Unjust prosecution for assisted suicide

What do you think?

This is the start of an article in yesterday’s Philadelphia Inquirer. And the opening sentence does sum it up well, but there is much more to it. It is Pennsylvania news but the issue is one that could happen almost anywhere and that is certainly worth thinking about.

The Philadelphia nurse charged with assisted suicide for giving morphine to her terminally ill, 93-year-old father has been suspended from her job without pay, run up legal fees of $90,000, and often can’t sleep because she feels so angry and hurt, her husband said in an interview.

In this case, the criminal act appears to be simply handing her terminally ill father his morphine with which he attempted suicide. The morphine had been prescribed for the terminally ill man for pain relief.

The U.S. Supreme Court has ruled that patients have the right to self-administer as much medication as needed for pain, even if it hastens death. But it is apparently still not a right in Pennsylvania.

The suicide may have been successful if the state and not intervened to revive him despite his do-not-resuscitate order and the expressed desire of his health care proxy (his daughter, the Philadelphia nurse later charged with assisted suicide).

The patient did die after several days but I haven’t seen any evidence as to weather the cause of death was the suicide attempt, the treatment, the pre-existing terminal illness, a combination of these, or something else entirely.

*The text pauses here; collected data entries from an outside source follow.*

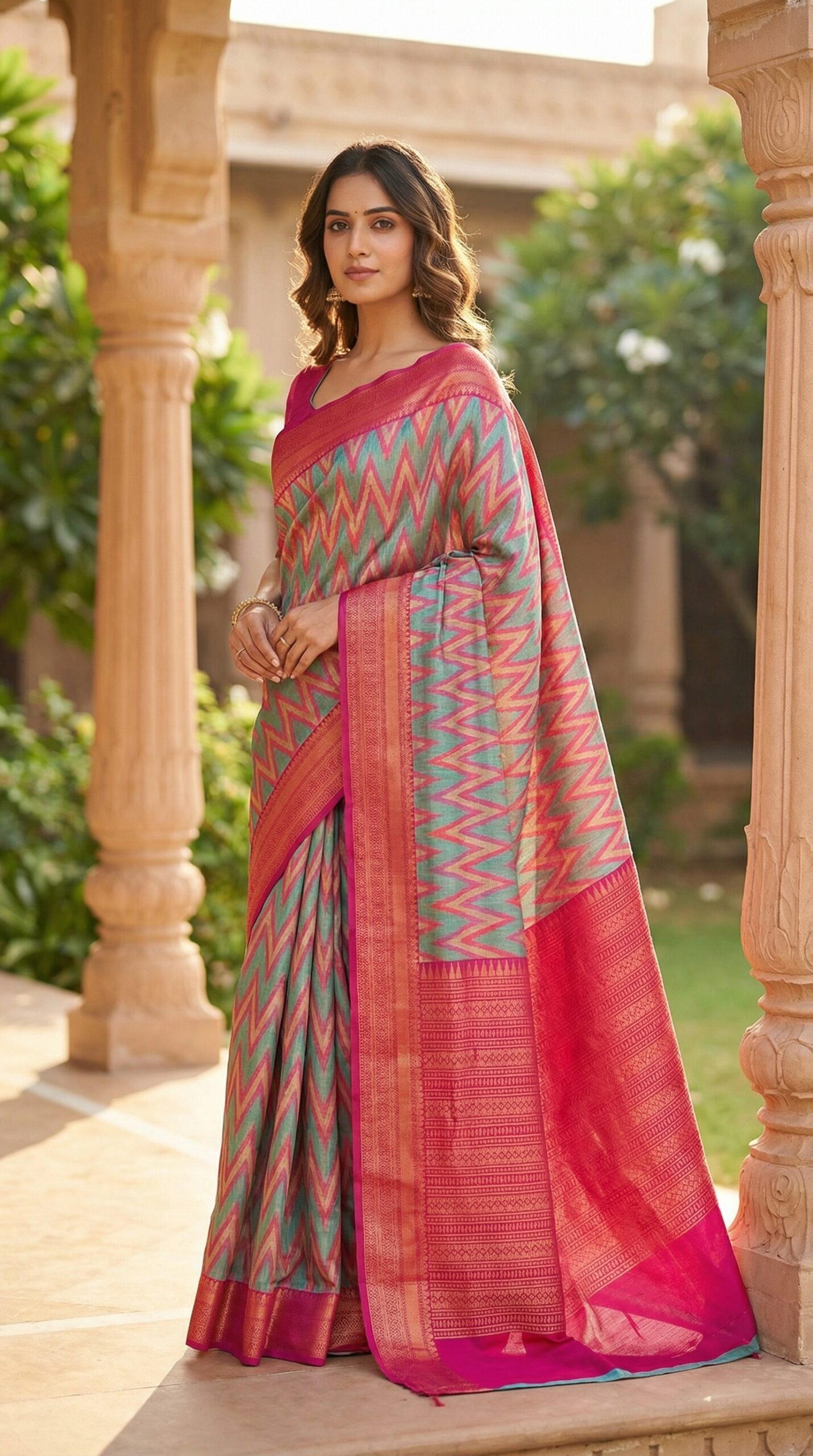 A premium Fancy Cotton Saree highlighting a vibrant interplay of teal, peach, and pink zig-zag motifs. The rich pink zari border enhances the festive appeal, making it ideal for celebrations, casual parties, or ethnic office days. Lightweight cotton fabric gives a comfortable and breathable drape, maintaining structure and grace throughout the day.
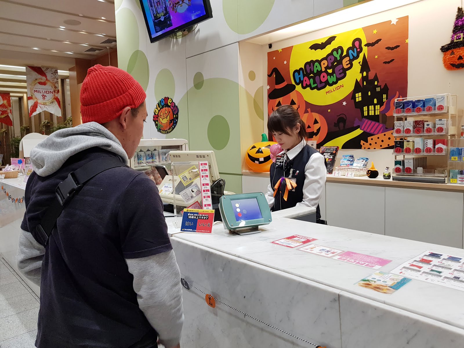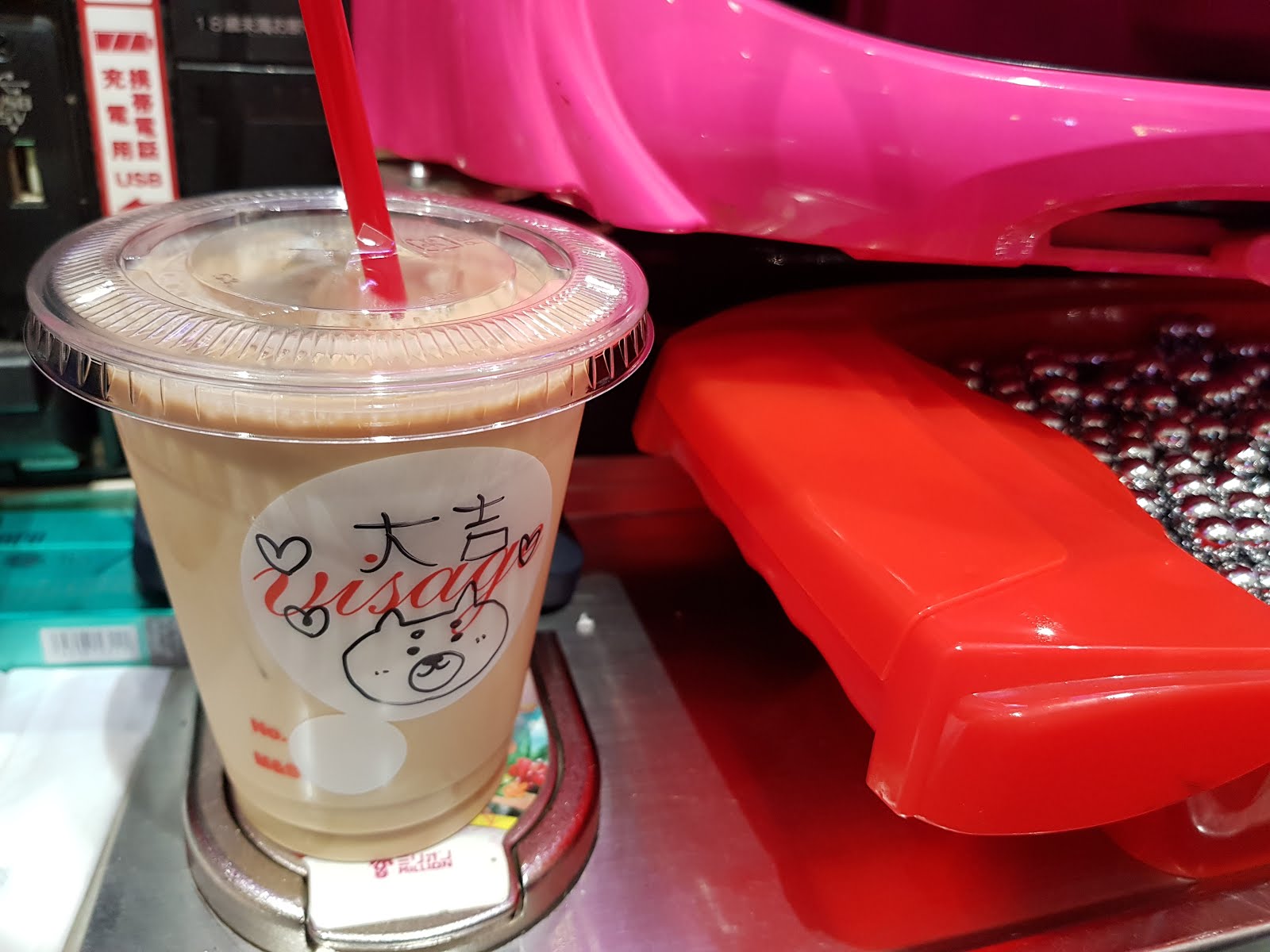 此圖為在小鋼珠店點了一杯咖啡,受到員工的祝福,大吉(だいきち)
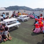 ★3歳児:いるか組さんと・・・テラスで一緒にランチを食べました。なんだか、いつもより美味しかったね!
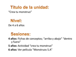 Este documento presenta una unidad didáctica de 4 sesiones para niños de 4 a 6 años sobre Halloween. La unidad incluye actividades como colorear fichas de conceptos como arriba/abajo y dentro/fuera, crear un monstruo con gelatina y galletas, y ver la película Monstruos S.A. Los objetivos son que los niños aprendan conceptos básicos y se familiaricen con la celebración de Halloween.
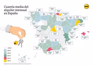 En cuanto a las otras provincias, rondan una media similar, desde los 556 euros mensuales de Valencia a los 401 euros de Huelva.
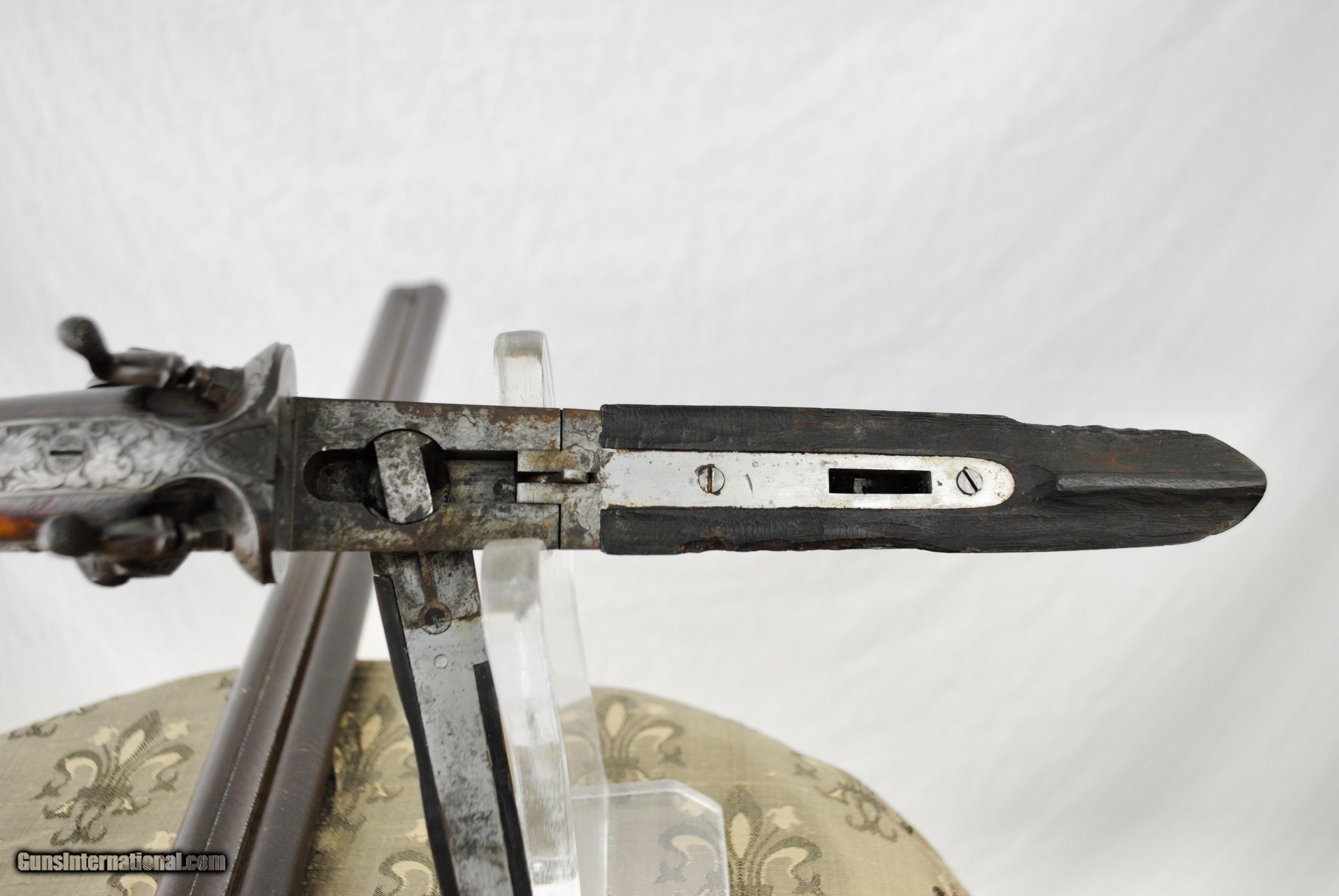 Description: Antique German made A. Zapf 16 gauge with full length Briley 28 gauge tubes. This maker is still in business today in Germany and has been in business since 1795. Elegant Lefaucheux bolting system. Floral and game scene engraved. Back action locks with rebounding hammers. Horn and metal trigger guard. Damascus barrels are 31 1/2" and have 98% of the original finish. The Briley tubes have 4 choke tubes included, skeet, skeet, IC and Mod. Tools as pictures are also included. No cracks to the stock. No loose ribs. Tight on face. Weight of the gun is 6 LBS 14 3/8 OZ. LOP is 13 3/4". Drop at comb - 1 5/16". Drop at heel - 2 5/8". Shipping is $50 and can be sent directly as loacl law allows. SOLD Antique: Yes Shotgun Gauge: 28 Gauge |
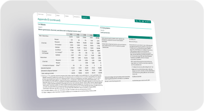 Appendix D (continued) 1.4 Waste Table 9 Waste generated, diverted, and directed to disposal (metric tons) 17 FY17 FY18 FY19 FY20 FY21 Non-Hazardous 23,870 17, 6 61 31,644 31,101 20,768 Diverted Reused 325 4 0 715 1,136 2,171 Recycled 14 ,9 55 9,824 10,460 8,452 9,589 Comp osted 5,920 5,883 8,358 10,104 1,776 Subtotal 21,200 15 , 747 19,5 3 3 19,691 13 , 536 Directed to Disp osa l Landfilled 2,044 1,599 11,713 10,8 4 8 6,9 57 I ncinerated 18 626 316 398 562 275 Subtotal 2,67 1 1 ,915 12,111 11,410 7, 232 Haz a rdous 2,188 1, 405 14 ,534 9, 4 69 1,750 Di verted Recy cled 2,122 1,376 6,1 84 7, 5 8 1 1, 74 2 Re u sed – – 1,096 1,88 0 0 Direct ed to Disposal Other 19 66 29 7, 25 4 8 8 Diverted S ubtota l 23,322 1 7,12 3 26, 8 1 3 29,152 15,2 7 8 Directed to D isposal Subtotal 2,737 1,944 19,365 11,418 7, 24 0 Total waste gen e rated 26,059 19,066 46,178 40,570 22,518 17 Starting in FY19, reported values encompass global data across Microsoft's direct waste footprint, including estimates where needed, except for waste from construction and deconstruction and GitHub which is currently not reported and will be part of data improvements going forward. Waste generation values and classifications have been updated for FY19 and FY20 to be consistent with data collection, reporting boundary, and estimation methodology improvements established in FY21. Reported data back to FY19 was adjusted to represent waste streams only within Microsoft’s operational control boundary, and as such, properly exclude disposition of packaging from our sold products. Data for reuse or other diversion methods besides recycling for hazardous waste, and other disposal operations besides landfilled and incineration for non-hazardous waste is currently not applicable and will be part of data improvements going forward if they become applicable. As waste accounting continues to improve, reported values may change. Reported waste data is mainly directed for disposal offsite. 18 Incinerated category under non-hazardous includes incineration with and without energy recovery. 19 'Other' category under hazardous includes landfilled and incinerated with and without energy recovery waste. 1.5 Ecosystems Table 10 Land protection FY21 Total size and country location of all habitat areas selected for protection for which contributions were made US: 4,998 acres Belize: 12,270 acres A description of partnerships for which contributions were made that exist with third parties to protect habitat areas Since making this commitment in April 2020, Microsoft identified two leading land protection organizations, the National Fish and Wildlife Foundation (NFWF) within the United States and The Nature Conservancy (TNC) globally, to partner with to achieve the commitment to protect more land than we use. A data-informed approach to identify ecosystems most at risk was used, using TNC’s last chance ecosystem framework and NFWF’s national landscape conservation framework. Within each of the two partnerships the following organizations will hold the conservation easement/ own the protected land: • The Nature Conservancy: Belize Maya Forest Trust • National Fish and Wildlife Foundation: Montana Department of Fish, Wildlife, and Parks; New Mexico Land Conservancy, Rocky Mountain Elk Foundation for the US. Total acres categorized by the status at the close of the reporting period as either (i) funded or (ii) protected 17,268 acres (funded) Period in which funding occurred As of the fiscal year ended June 30, 2021 103
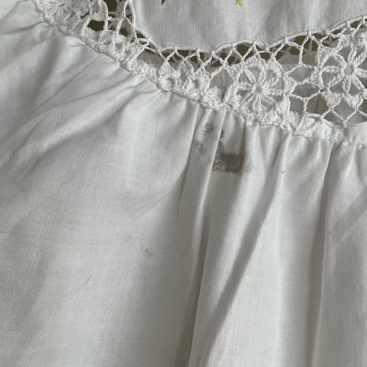 前かぎ編み部分にほつれがございます。(写真15.16)
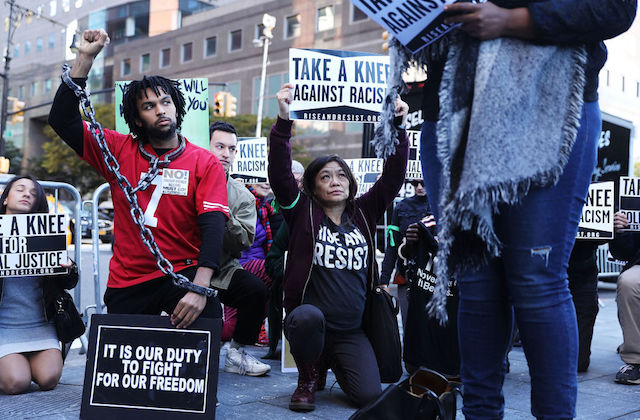 ESPN also reports that nearly two dozen activists gathered outside the meetings in solidarity with protesting players. These protesters, representing a number of advocacy groups, held signs reading, "It is our duty to fight for our freedom" and "White silence = White violence" while taking knees in solidarity with Kaepernick and those who followed him.
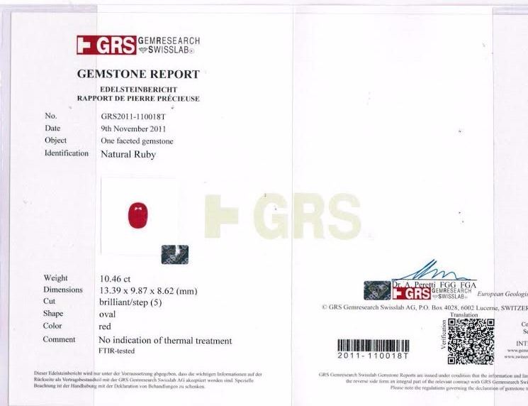 Natural Red Ruby 10.46 Carats - no Treatment in any way......Color -Red;....origin - Mozambique.... Certified by GRS swiss Lab
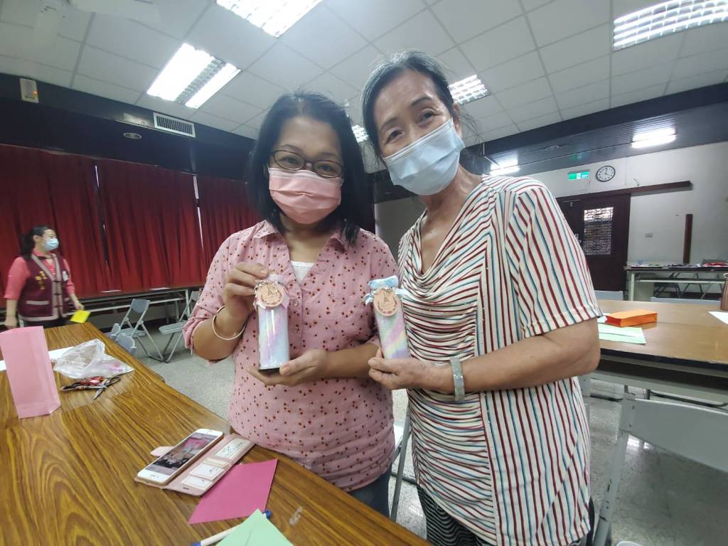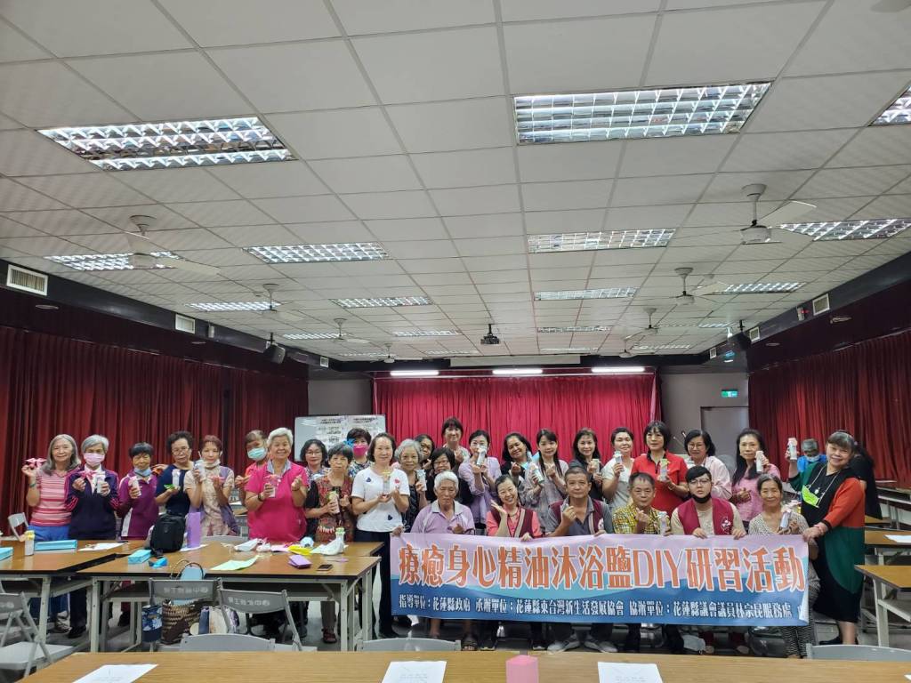 下午,東台灣新生活發展協會繼續舉辦「療癒身心精油沐浴鹽DIY研習活動」。由於工業發達,化學製品與生活形影不離,而添加了化學劑的清潔用品,不但對人體的皮膚是一種傷害,甚至有致癌的危機,而對大自然環境的影響,更是莫大的不可逆浩劫。由協會前理事長鄭岑蓉帶領著學員們,親自動手DIY製作精油沐浴鹽,簡單的材料不添加化學劑,不但環保又健康,鄭理事長也教大家製作包裝袋以及紙摺裝飾品,做好的精油沐浴鹽還能當作禮品贈送親友,自用餽贈兩相宜,學員們快樂的說:賺到了!
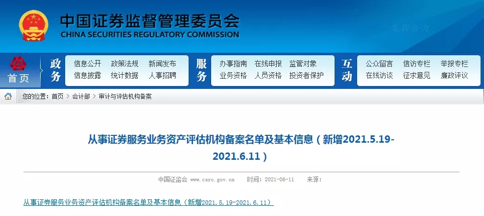 永业行通过证监会从事证券类资产评估业务资质备案
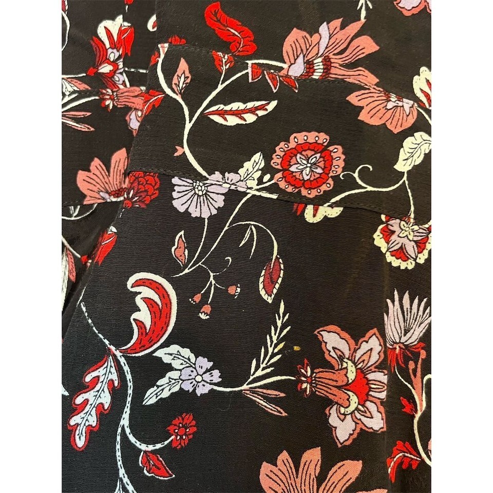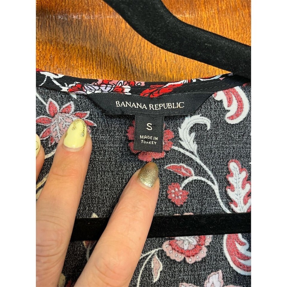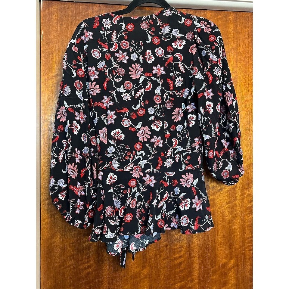 Banana Republic Black Floral Wrap V Neck Tie Waist Ruffle Hem Top Size S
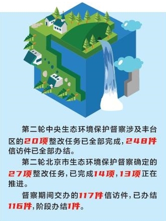 截至目前,第二轮中央生态环境保护督察涉及丰台区的20项整改任务已全部完成,248件信访件已全部办结。第二轮北京市生态环境保护督察确定的27项整改任务,已完成14项,13项正在推进;督察期间交办的117件信访件,已办结116件,阶段办结1件。
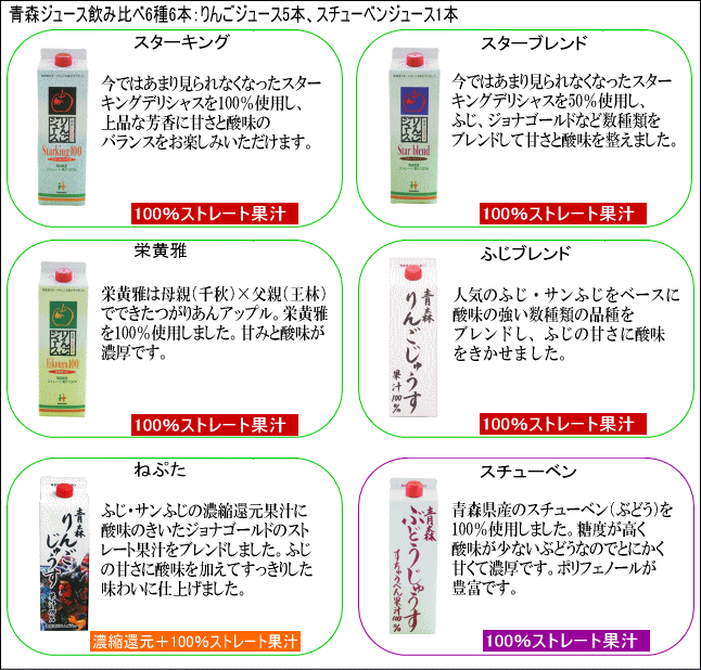 【2箱で送料無料】青森ジュース飲み比べ6本セット1000ml×6本りんごジュース、スチューベンジューススターキング、スターブレンド、栄黄雅(えいこうが)、ふじブレンド、ねぷた、スチューベン【RCP】

This is from another account:

(Pottsville, Pa. – Sept. 17, 2013) Defense attorneys for Barbara Mancini, who faces up to 10 years in prison if convicted of “assisted suicide” for allegedly handing morphine to her dying father, today filed a motion to dismiss the case based in part on two U.S. Supreme Court decisions. In both cases, Washington v. Glucksberg and Vacco v. Quill, the nation’s highest court recognized that states cannot erect legal barriers to aggressive treatment of end-of-life pain and suffering, even when it advances the time of death (for more details, see pages 5-7 of the motion atwww.compassionandchoices.org/pennsylvania-v-mancini/).

I think the state is clearly in the wrong here and I don’t understand why the Pennsylvania Attorney General Kathleen Kane is prosecuting Barbara Mancini. But what do you think about the rights of the patient and his daughter?